From the line containing "Apple Watch SE" to the line containing "حَدَّثَنَا أَبُو بَكْرٍ" in the records below, set down every line exactly as it stands, both ends included, and skip the pictures.

__THE RECORDS__:
◆ ◆ ◆ ◆ ◆
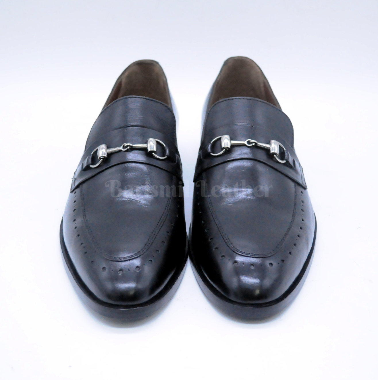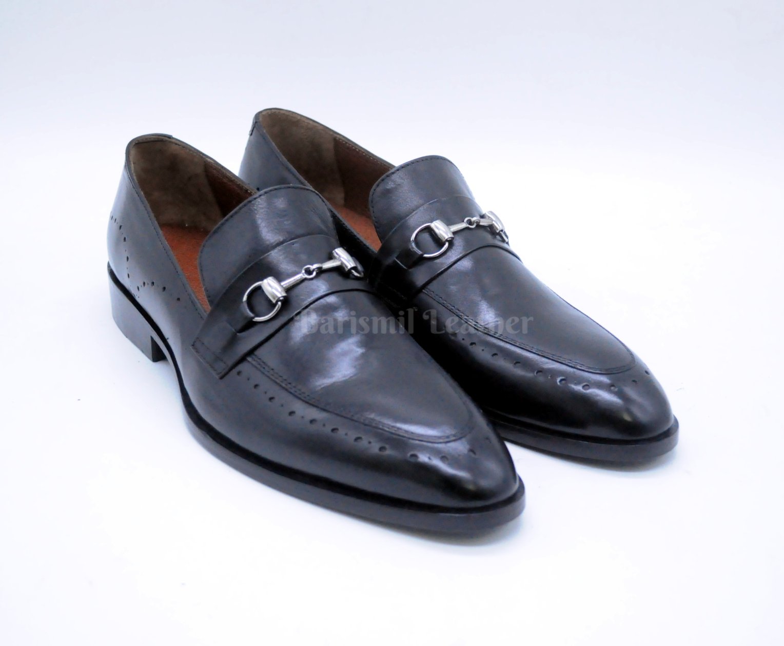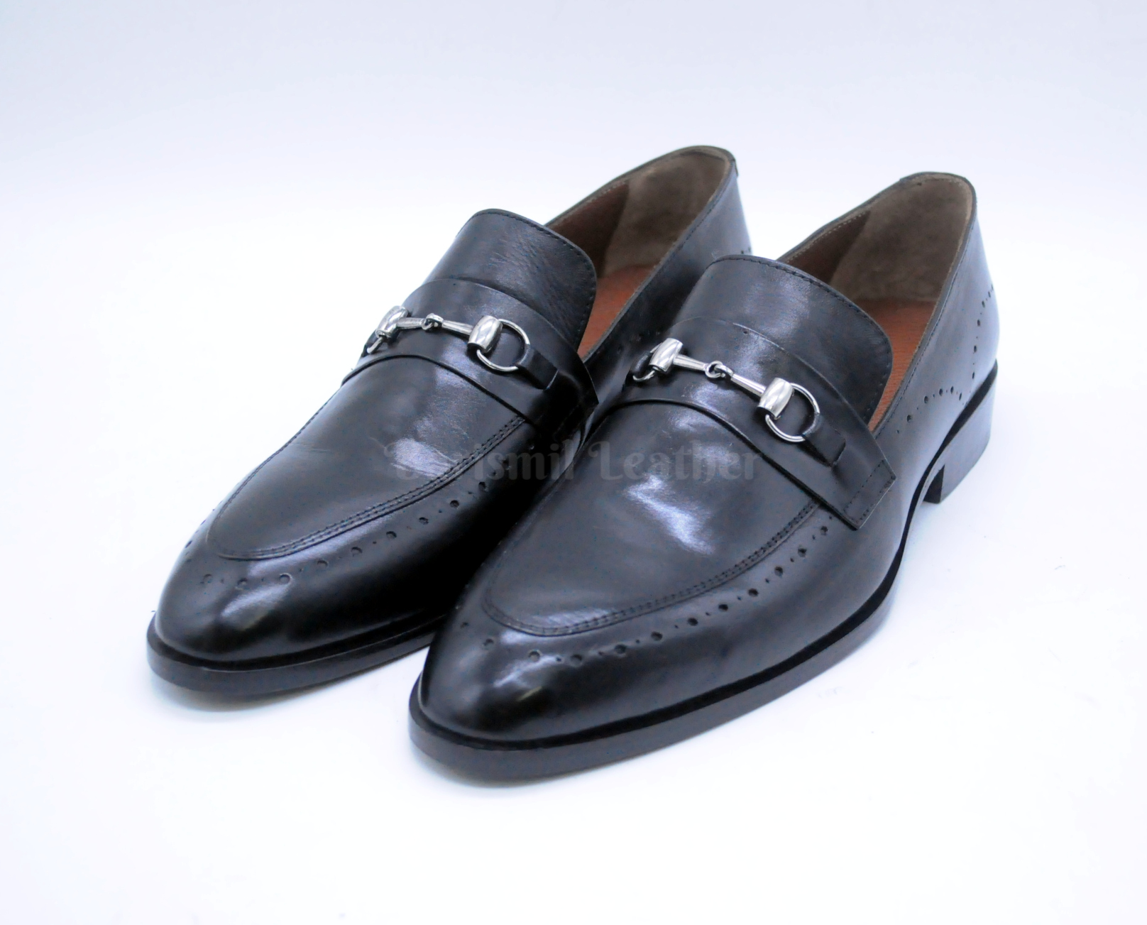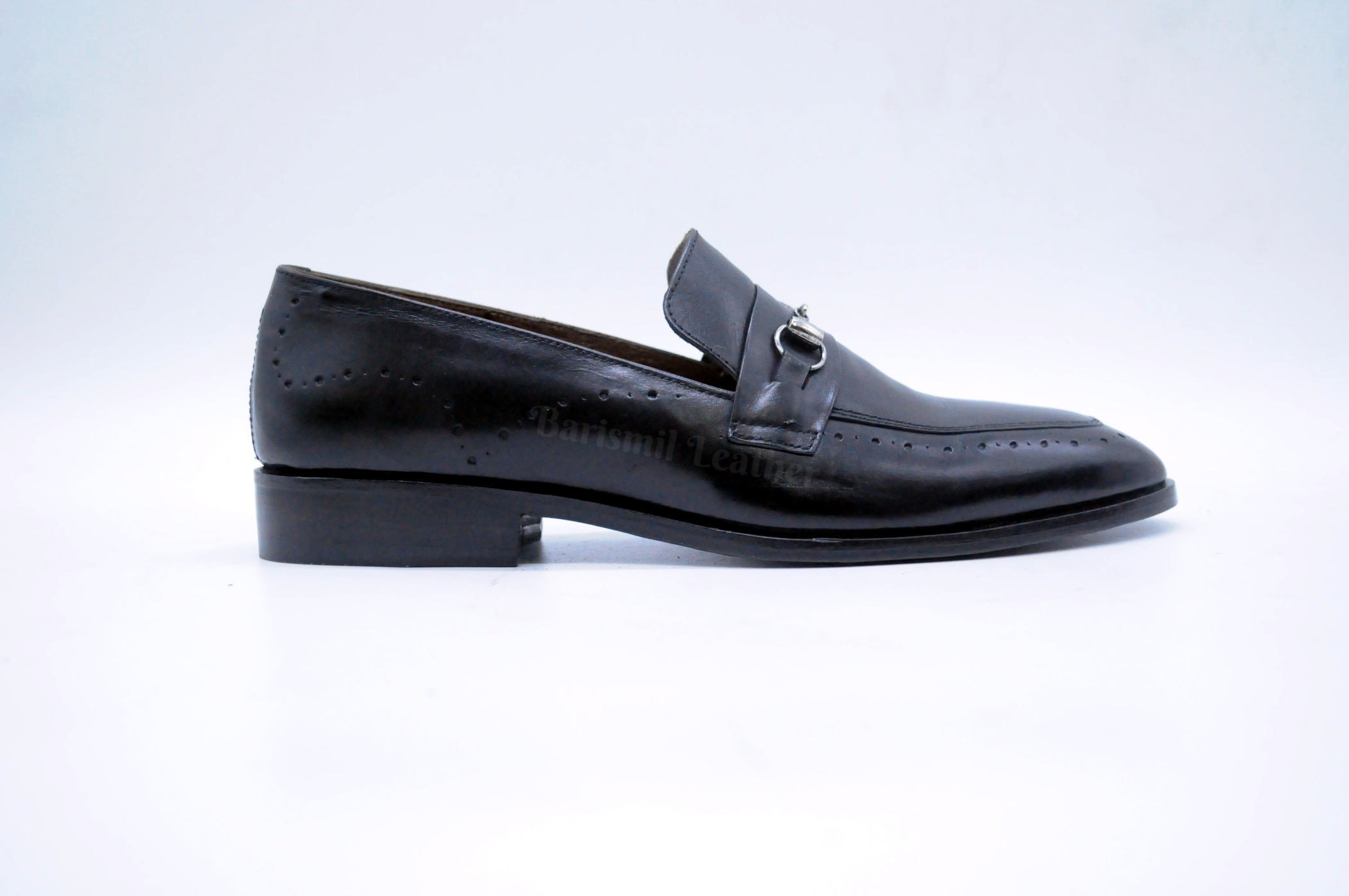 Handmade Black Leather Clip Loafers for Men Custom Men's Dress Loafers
◆ ◆ ◆ ◆ ◆
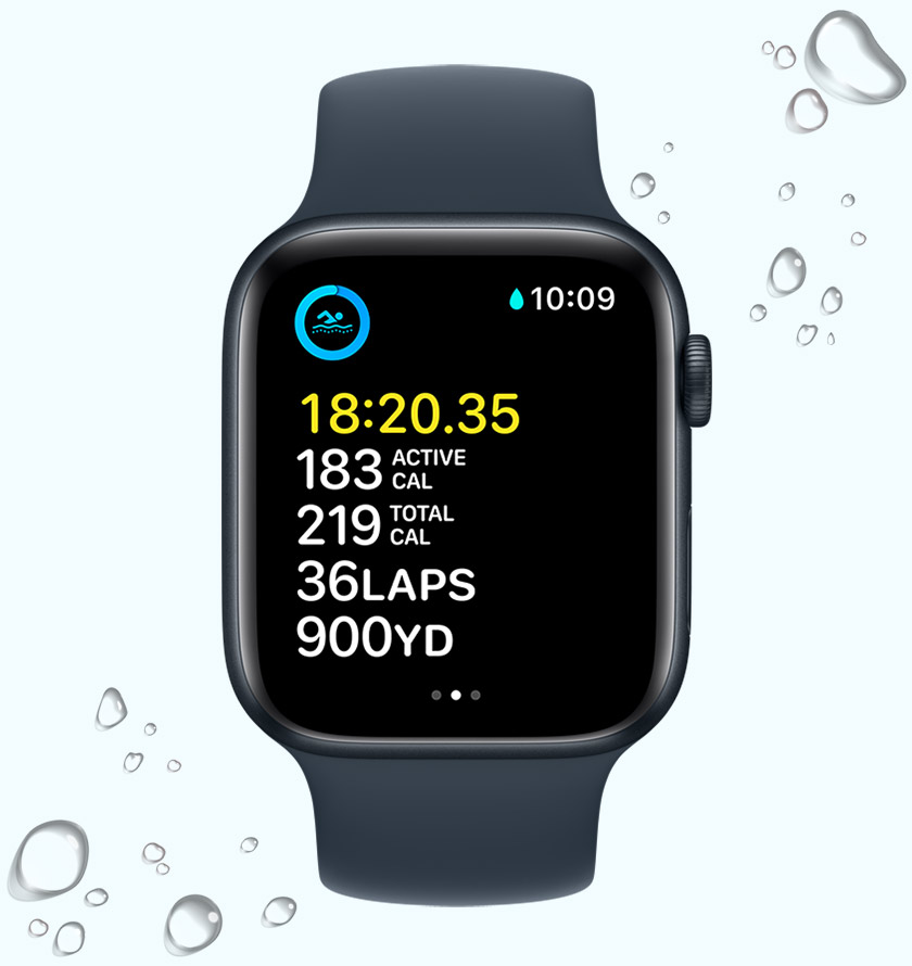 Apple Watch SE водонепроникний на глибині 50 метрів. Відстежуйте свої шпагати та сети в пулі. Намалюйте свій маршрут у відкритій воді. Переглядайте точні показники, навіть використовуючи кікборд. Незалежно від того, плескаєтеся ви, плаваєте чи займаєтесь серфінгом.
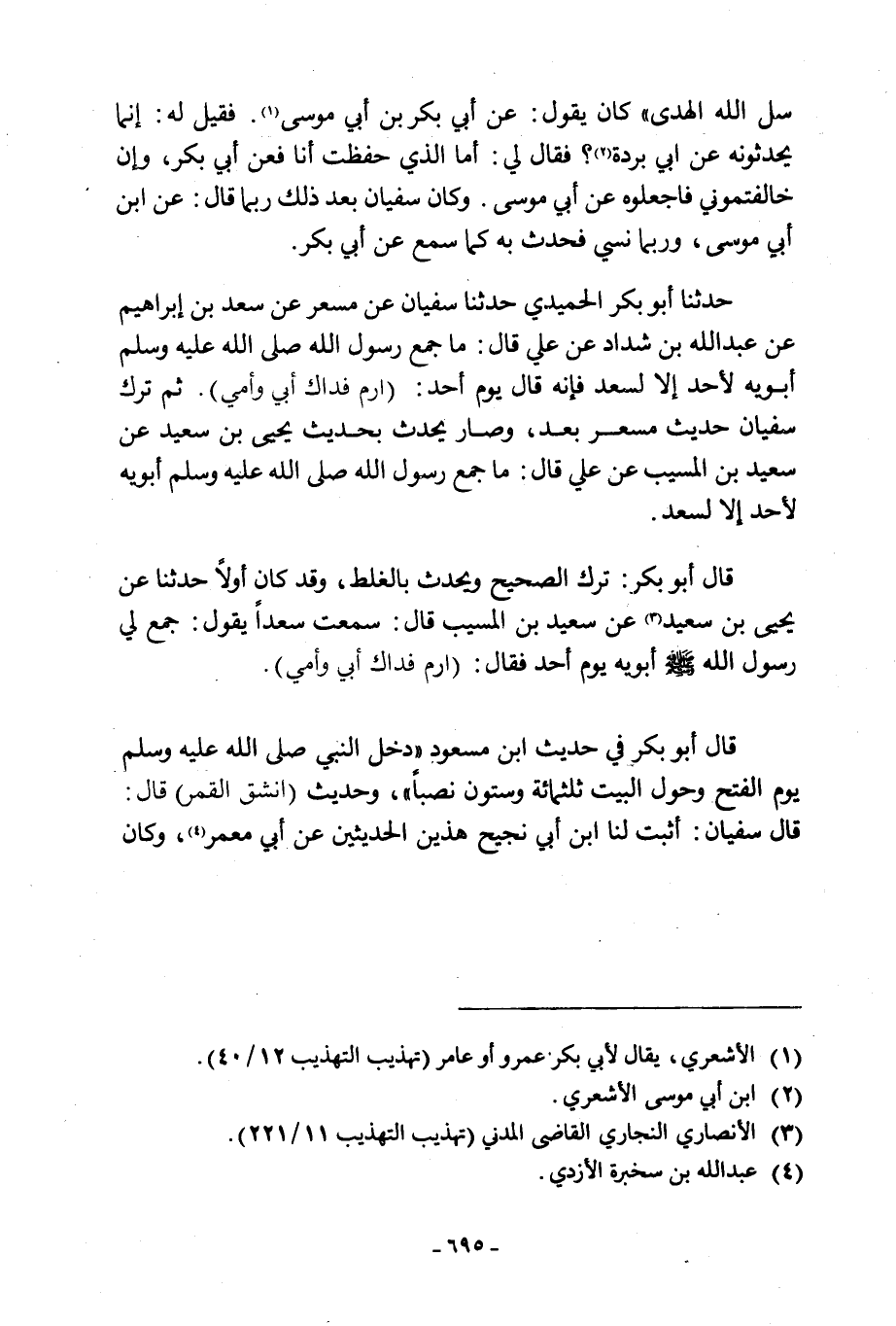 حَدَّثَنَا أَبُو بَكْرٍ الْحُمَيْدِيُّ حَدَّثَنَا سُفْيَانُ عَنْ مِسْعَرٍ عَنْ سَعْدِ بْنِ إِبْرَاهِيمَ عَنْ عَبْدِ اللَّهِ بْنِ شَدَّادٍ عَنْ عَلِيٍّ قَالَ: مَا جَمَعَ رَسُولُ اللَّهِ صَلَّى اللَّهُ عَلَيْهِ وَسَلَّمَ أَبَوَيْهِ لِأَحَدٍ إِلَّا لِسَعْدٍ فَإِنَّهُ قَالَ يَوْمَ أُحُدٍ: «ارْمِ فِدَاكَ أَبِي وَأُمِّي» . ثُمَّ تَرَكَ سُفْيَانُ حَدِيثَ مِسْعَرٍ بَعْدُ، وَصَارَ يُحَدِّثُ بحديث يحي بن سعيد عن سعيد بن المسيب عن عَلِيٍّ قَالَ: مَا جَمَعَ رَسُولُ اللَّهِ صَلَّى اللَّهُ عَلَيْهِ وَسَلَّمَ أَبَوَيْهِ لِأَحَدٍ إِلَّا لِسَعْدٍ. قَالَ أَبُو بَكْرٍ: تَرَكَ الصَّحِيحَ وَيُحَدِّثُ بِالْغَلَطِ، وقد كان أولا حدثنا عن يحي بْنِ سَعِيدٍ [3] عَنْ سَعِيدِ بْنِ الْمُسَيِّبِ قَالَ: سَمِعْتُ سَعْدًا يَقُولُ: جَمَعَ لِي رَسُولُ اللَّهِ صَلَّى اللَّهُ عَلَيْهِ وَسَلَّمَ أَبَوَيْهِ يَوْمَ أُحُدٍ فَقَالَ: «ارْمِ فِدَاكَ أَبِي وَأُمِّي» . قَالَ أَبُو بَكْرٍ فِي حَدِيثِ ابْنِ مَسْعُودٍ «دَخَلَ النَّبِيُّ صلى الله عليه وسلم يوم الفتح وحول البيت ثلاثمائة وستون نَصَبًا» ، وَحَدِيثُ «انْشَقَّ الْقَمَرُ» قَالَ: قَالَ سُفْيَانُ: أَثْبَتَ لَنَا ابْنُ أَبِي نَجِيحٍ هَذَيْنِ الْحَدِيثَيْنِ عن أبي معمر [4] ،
◆ ◆ ◆ ◆ ◆
__OUTPUT__:
 Apple Watch SE водонепроникний на глибині 50 метрів. Відстежуйте свої шпагати та сети в пулі. Намалюйте свій маршрут у відкритій воді. Переглядайте точні показники, навіть використовуючи кікборд. Незалежно від того, плескаєтеся ви, плаваєте чи займаєтесь серфінгом.
 حَدَّثَنَا أَبُو بَكْرٍ الْحُمَيْدِيُّ حَدَّثَنَا سُفْيَانُ عَنْ مِسْعَرٍ عَنْ سَعْدِ بْنِ إِبْرَاهِيمَ عَنْ عَبْدِ اللَّهِ بْنِ شَدَّادٍ عَنْ عَلِيٍّ قَالَ: مَا جَمَعَ رَسُولُ اللَّهِ صَلَّى اللَّهُ عَلَيْهِ وَسَلَّمَ أَبَوَيْهِ لِأَحَدٍ إِلَّا لِسَعْدٍ فَإِنَّهُ قَالَ يَوْمَ أُحُدٍ: «ارْمِ فِدَاكَ أَبِي وَأُمِّي» . ثُمَّ تَرَكَ سُفْيَانُ حَدِيثَ مِسْعَرٍ بَعْدُ، وَصَارَ يُحَدِّثُ بحديث يحي بن سعيد عن سعيد بن المسيب عن عَلِيٍّ قَالَ: مَا جَمَعَ رَسُولُ اللَّهِ صَلَّى اللَّهُ عَلَيْهِ وَسَلَّمَ أَبَوَيْهِ لِأَحَدٍ إِلَّا لِسَعْدٍ. قَالَ أَبُو بَكْرٍ: تَرَكَ الصَّحِيحَ وَيُحَدِّثُ بِالْغَلَطِ، وقد كان أولا حدثنا عن يحي بْنِ سَعِيدٍ [3] عَنْ سَعِيدِ بْنِ الْمُسَيِّبِ قَالَ: سَمِعْتُ سَعْدًا يَقُولُ: جَمَعَ لِي رَسُولُ اللَّهِ صَلَّى اللَّهُ عَلَيْهِ وَسَلَّمَ أَبَوَيْهِ يَوْمَ أُحُدٍ فَقَالَ: «ارْمِ فِدَاكَ أَبِي وَأُمِّي» . قَالَ أَبُو بَكْرٍ فِي حَدِيثِ ابْنِ مَسْعُودٍ «دَخَلَ النَّبِيُّ صلى الله عليه وسلم يوم الفتح وحول البيت ثلاثمائة وستون نَصَبًا» ، وَحَدِيثُ «انْشَقَّ الْقَمَرُ» قَالَ: قَالَ سُفْيَانُ: أَثْبَتَ لَنَا ابْنُ أَبِي نَجِيحٍ هَذَيْنِ الْحَدِيثَيْنِ عن أبي معمر [4] ،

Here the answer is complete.